We study the Boussinesq system, which is the simplest fluid model that admits internal gravity waves. These dispersive waves are ubiquitous in the atmosphere and ocean and they owe their restoring mechanism to the stable stratification in these environments, i.e., to the fact that density decreases with altitude. Internal gravity waves are typically far too small in scale (especially vertical scale) to be resolvable within global numerical models and therefore their dynamics and their interactions with the mean flow must be parametrized (i.e., put in by hand) based on a combination of observations and theory. Consequently, the classic wave–mean interaction theory for internal gravity waves has been extensively developed and this provides a convenient starting point for us.

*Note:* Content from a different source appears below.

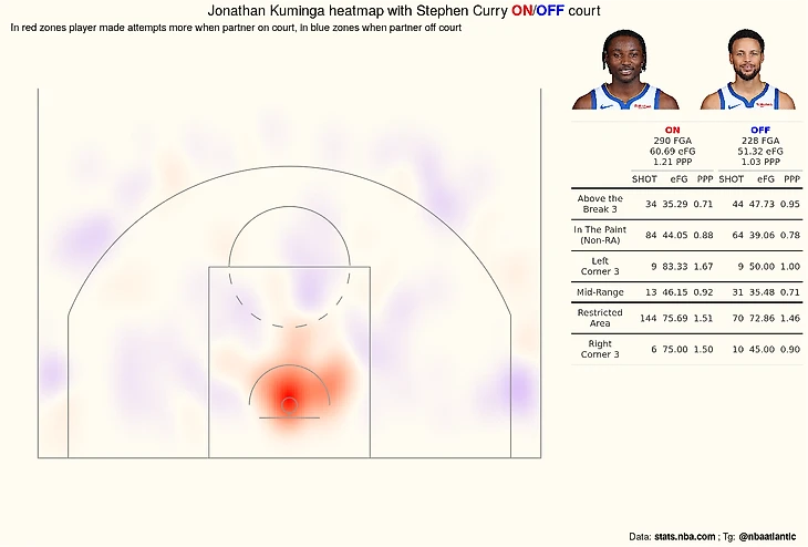 Ну и вот пара с самым большим влиянием партнера на выбор бросков. Карта бросков Куминги с Карри на площадке похожа на карту классического центрового (назовем ее «карта Руди Г.»). При этом без Стефа Джонатан гораздо более вариативен в выборе позиции. Но если смотреть на его эффективность, не сказать, что это хорошо. Из всех трех зон с большим количеством бросков он атакует примерно с одинаковой эффективностью вне зависимости от наличия Стефа на площадке, но доля этих бросков, когда Карри на скамейке, от одной хорошей зоны (под кольцом) перетекает в две зоны с эффективностью ниже одного очка за бросок (трешка в лоб и «краска» за пределами полукруга).
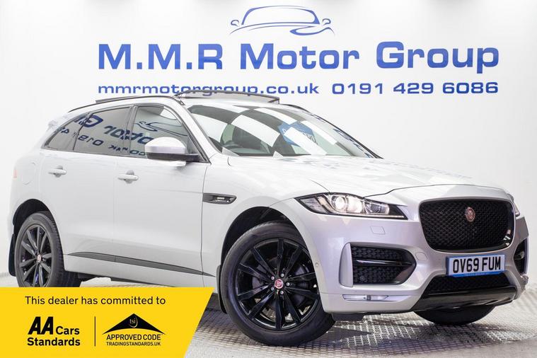 67, 800 miles, This 2019 Jaguar F-PACE D180 R-Sport boasts a clear vehicle history, offering you peace of mind. This stylish SUV features a powerful 2.0 litre diesel engine, delivering an impressive 0-60mph time of just 8.4 seconds, all managed through a smooth Four Wheel Drive system. As a Euro 6 compliant vehicle, it meets stringent emission standards. The R-Sport trim enhances its already dynamic presence, and you'll appreciate the convenience of front and rear parking aids, a rear camera, and Xenon headlights with distinctive LED signatures. Inside, the heated front seats ensure comfort in all conditions, and Bluetooth connectivity keeps you connected on the go.The generous boot space provides ample room for all your luggage, making it ideal for family trips or weekend adventures. With a substantial towing weight of 2400 kg, this F-PACE is also a capable companion for towing. These features, combined with its performance and comfort enhancements, clearly set this Jaguar F-PACE apart from other vehicles in its class, offering a superior driving experience.Please call our experienced sales team on 01914800597 for any additional specification queries, an in depth appraisal/ Video call or maybe we can help fund your new car. All our vehicles are prepared to the highest standards by our expert technicians in our fully equipped preparation centre as we're an AA approved dealer. Every car must go through a strict and thorough inspection, Items that require attention, mechanically or cosmetically are addressed prior to delivery. We offer a wide range of Finance and Warranty packages as well as fantastic trade rates for allow wheel refurbs/colour changes, window tinting and much more. All our vehicles are subject to a £199 service support fee and are therefore supplied with pre delivery service, 12 months MOT, 12 months AA breakdown cover and 6 months Auto Protect warranty that can be extended up to 24 month. All vehicles are HPI clear a full report can be supplied at point of sale. Home Delivery can be arranged throughout the UK. We welcome part exchanges..

Boussinesq system and stable stratification

The simplest fluid model that captures the effect of stable internal stratification is the Boussinesq model, which can be derived from the Euler equations under the assumption of a small density contrast across the fluid together with ∇·u = 0. Importantly, the latter constraint filters sound waves and reduces the degrees of freedom compared to the Euler system.

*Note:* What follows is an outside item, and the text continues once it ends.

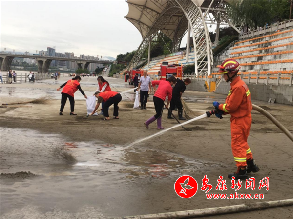 本網(wǎng)訊(通訊員 熊彬彬 李汶澤)日前,安康各縣區(qū)普降大雨,漢江水位持續(xù)上漲,城區(qū)沿江公園、步道等多處被淹。隨著水位回落,清理淤泥工作迫在眉睫。為盡快清理龍舟文化園臨江廣場上沉積的大量淤泥,避免淤泥干結(jié)加大清理難度,老城街道辦事處漢江辦、西關(guān)社區(qū)隨即聯(lián)系到漢濱區(qū)消防大隊協(xié)商開展清淤活動,漢濱區(qū)消防大隊表示志愿進行淤泥清理行動,盡快恢復(fù)環(huán)境衛(wèi)生,及早還廣大市民干凈整潔的娛樂生活環(huán)境。neP安康新聞網(wǎng)
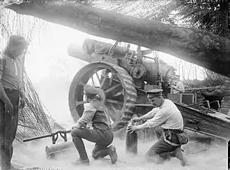 - ^ At this stage of the war the 8-inch howitzers in use (Marks I–V) were improvised from cut-down and bored-out barrels of 6-inch coast defence guns, with the recoil checked by enormous wooden wedges.[12][13]

Before writing down the governing equations we note that as a realistic model for atmospheric and oceanic flows the Boussinesq system is mostly limited by its global restriction to small density contrasts across the fluid, and that these limitations are much more severe in the atmosphere than in the ocean. Specifically, in the ocean the global density contrast is only about 3%, whilst in the atmosphere density changes by 100% in the vertical.